Our chosen pair mCerulean3_mRuby3 has the smallest bleed-through of the three pairs tested, as predicted from the excitation and emission spectra (Figure 1
). However, the obvious cost is a reduced spectral overlap, which results in a comparatively small Förster radius r0 because the spectral overlap is one of the important FRET pair-dependent variables that correlates positive with the size of r0. This difference in r0 (5.4 nm for mCerulean3_mRuby3 as compared to 6.1 nm for mClover3_mRuby3) theoretically results in a 30% difference in signal intensity when the distance between the fluorophores is close to r0 and slowly increases with the size of the distance to around 50% at a distance of around 10 nm, where the FRET efficiency itself drops below 5%.

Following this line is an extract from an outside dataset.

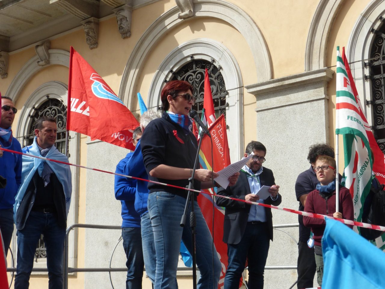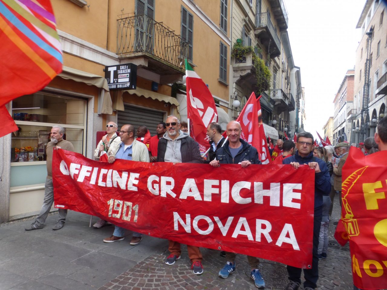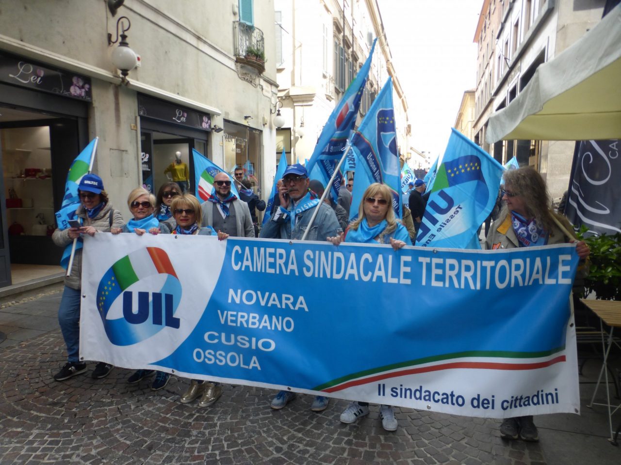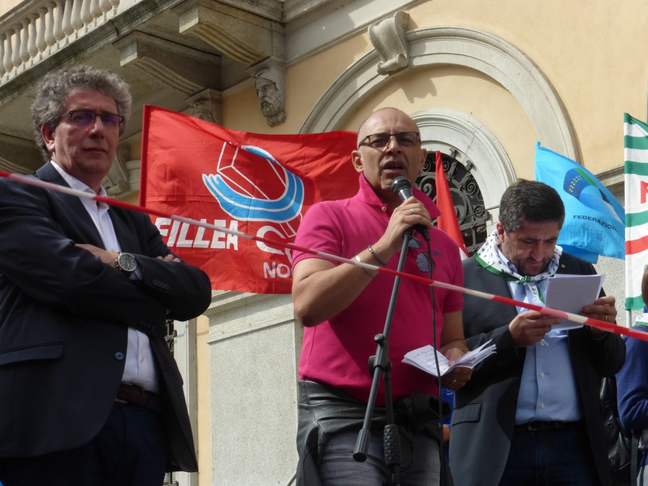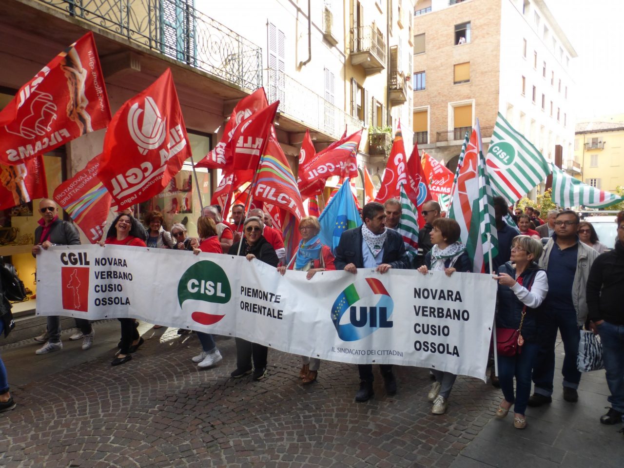 Il comizio sul palco di piazza Gramsci ha chiuso la manifestazione unitaria dei sindacati che si era aperta con il lungo corteo che da piazza Cavour ha attraversato le vie del centro accompagnato da centinaia di bandiere, striscioni e dalle note della Banda Cadabra di Torino e della Banda Margherita di Cameri.
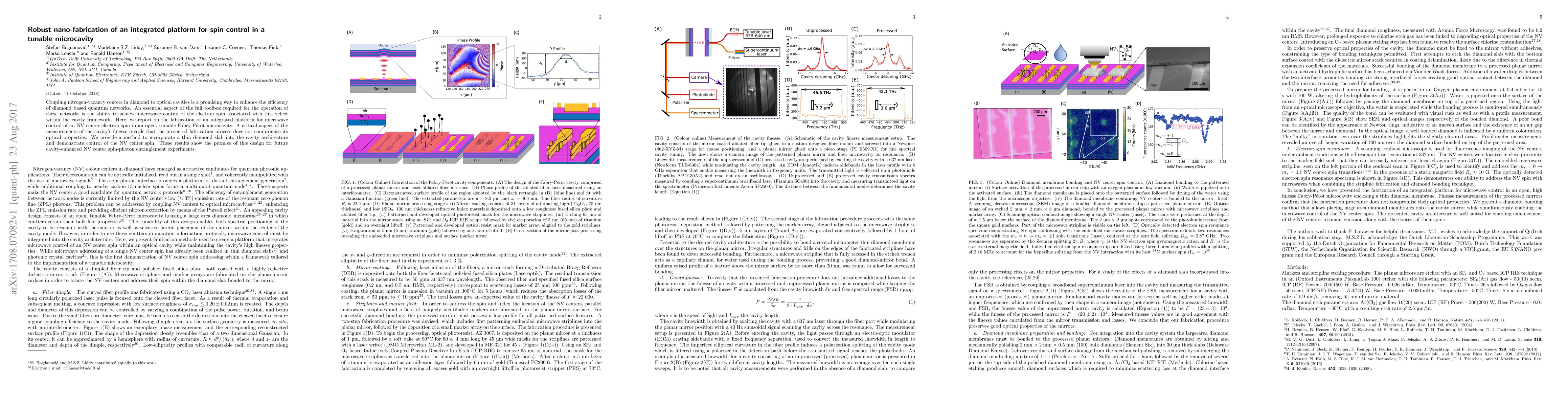 This paper details the fabrication of an integrated nano-platform for controlling the spin of nitrogen-vacancy centers in diamond using microwaves within a tunable microcavity. The method preserves the optical properties of the cavity, demonstrating potential for future quantum network applications.

An important consideration for our strategy to develop an improved FRET pair is the fact that for the analysis of a static FRET signal in living cells, the background signal is of major importance. In our previous work using CFP_YFP as the sensor pair in a FACS-based FRET approach [4
], we observed that the cells presented with a highly variable individual autofluorescence in the wavelength range of the acceptor emission that substantially interfered with the mathematical correction of the donor bleed-through necessary for this FRET pair. This is of lower concern when working with FRET-based sensors that indicate a change in conditions, e.g., intracellular lactate concentration changes [19
] or GPCR activation [20
], because the individual cells serve as their own negative control in the before/after event assessment, and a 2% change in signal intensity can often be reliably identified. In contrast, a 2% variation of a static signal on a variable background is meaningless, which makes background reduction a major concern.
In conclusion, mCerulean3_mRuby3 is characterized as a promising FRET pair. The obvious next step is to test its suitability in live cells. FAMPIR expression plasmids are presently under construction to see whether we obtain the expected improvement in this procedure when exchanging CFP_YFP by mCerulean3_mRuby3.